◆ **EXERCISE GOAL**
Apart from the pictures, every line below is to be set down exactly.

◆ **AVAILABLE DATA**
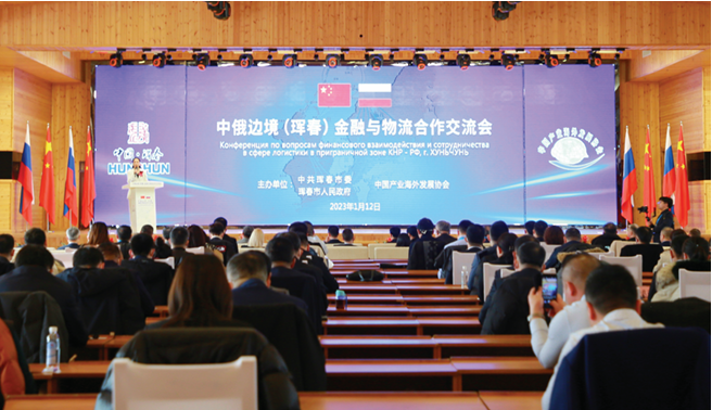 1月12日上午, 由珲春市委、珲春市政府、中国产业海 外发展协会共同主办,以“推动跨境金 融物流合作、惠及中俄边贸快速发展” 为主题的中俄边境(珲春)金融与物流 合作交流会在珲春市举行。
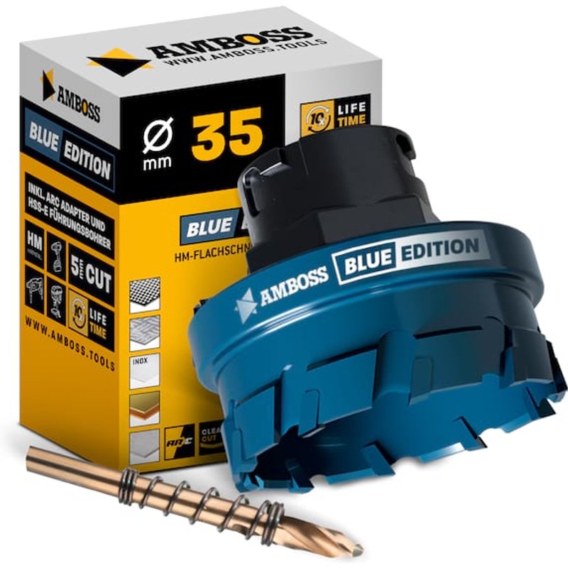 " Die Amboss Flachschnitt Lochsäge schneidet sauberste Löcher bis zu einer Tiefe von 5mm in Stahl- und Edelstahlbleche, die maximal mögliche Schnitttiefe beträgt 15mm. Ein spezieller Anschliff der HM Zähne ermöglicht noch schnellere Schnitte. Durch die Amboss Carbide Technology erreicht man eine extra lange Standzeit gegenüber Bi-Metall-Lochsägen. Die Amboss Blue Edition ist mit einem ARC Adapter versehen und nur mit dem ARC Schnellwechselsystem zu verwenden.
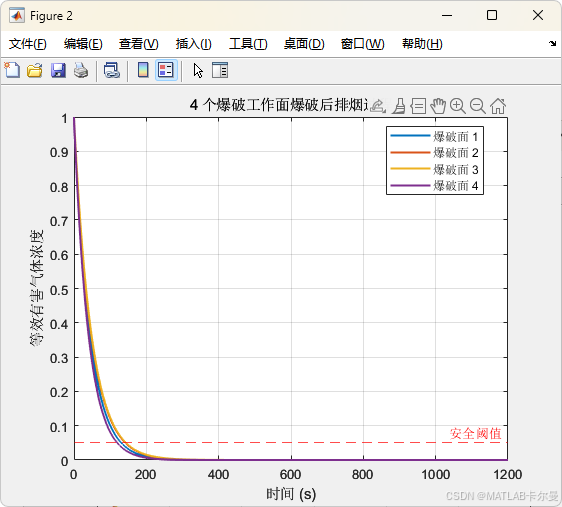 - 图形输出:各工作面浓度随时间的衰减曲线,直观显示排烟过程
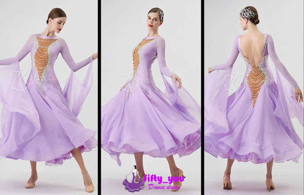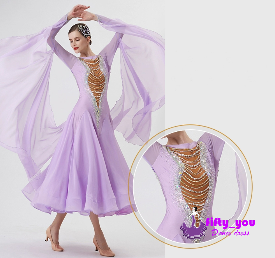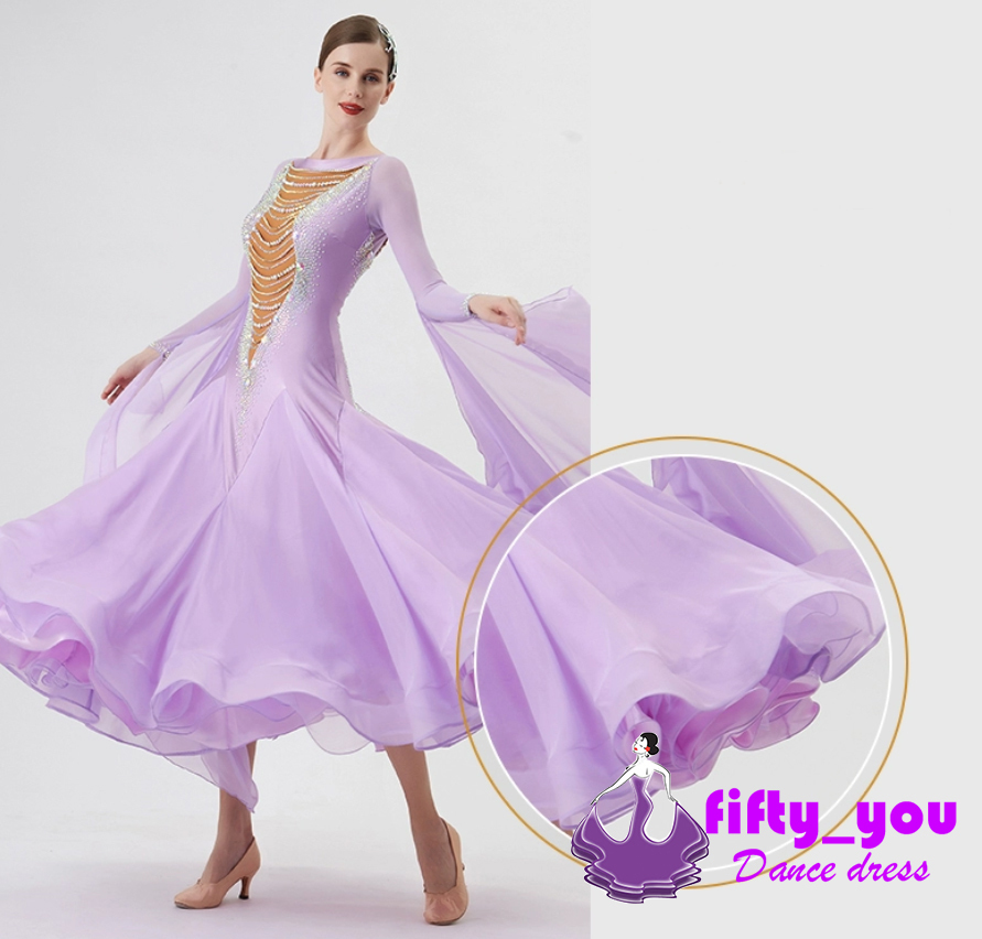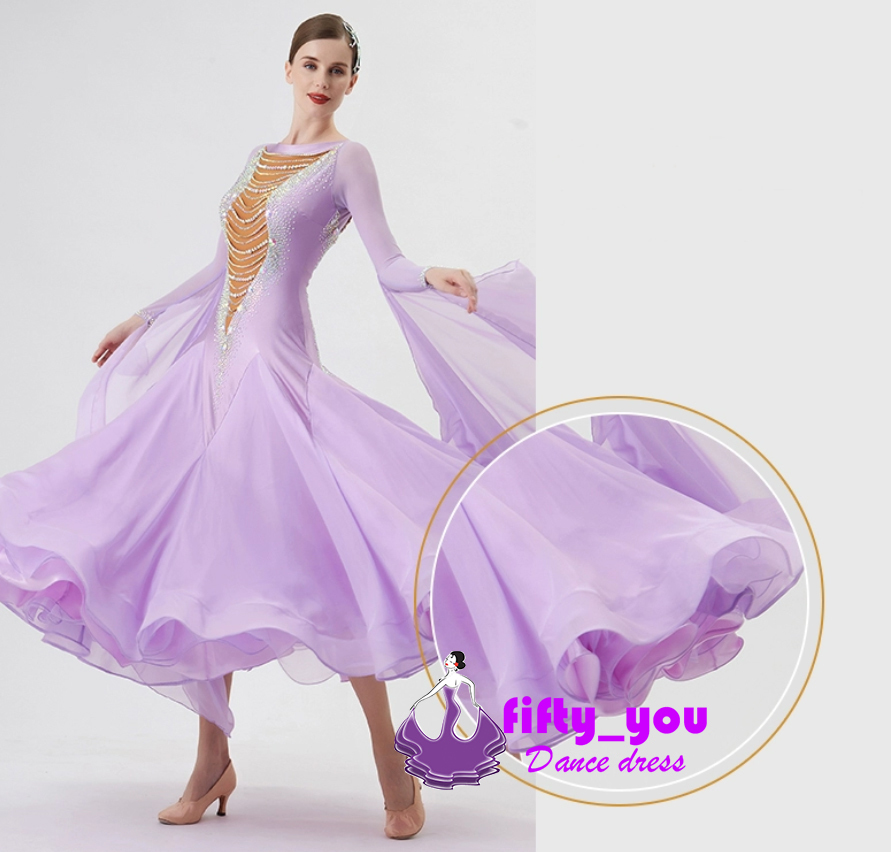 新品 レディース社交ダンス衣装 サイズセミオーダー キラキラライトストーン飾り モダンドレス 競技試合ドレス 優しいパープル

◆ **YOUR SOLUTION**
 1月12日上午, 由珲春市委、珲春市政府、中国产业海 外发展协会共同主办,以“推动跨境金 融物流合作、惠及中俄边贸快速发展” 为主题的中俄边境(珲春)金融与物流 合作交流会在珲春市举行。
 " Die Amboss Flachschnitt Lochsäge schneidet sauberste Löcher bis zu einer Tiefe von 5mm in Stahl- und Edelstahlbleche, die maximal mögliche Schnitttiefe beträgt 15mm. Ein spezieller Anschliff der HM Zähne ermöglicht noch schnellere Schnitte. Durch die Amboss Carbide Technology erreicht man eine extra lange Standzeit gegenüber Bi-Metall-Lochsägen. Die Amboss Blue Edition ist mit einem ARC Adapter versehen und nur mit dem ARC Schnellwechselsystem zu verwenden.
 - 图形输出:各工作面浓度随时间的衰减曲线,直观显示排烟过程
 新品 レディース社交ダンス衣装 サイズセミオーダー キラキラライトストーン飾り モダンドレス 競技試合ドレス 優しいパープル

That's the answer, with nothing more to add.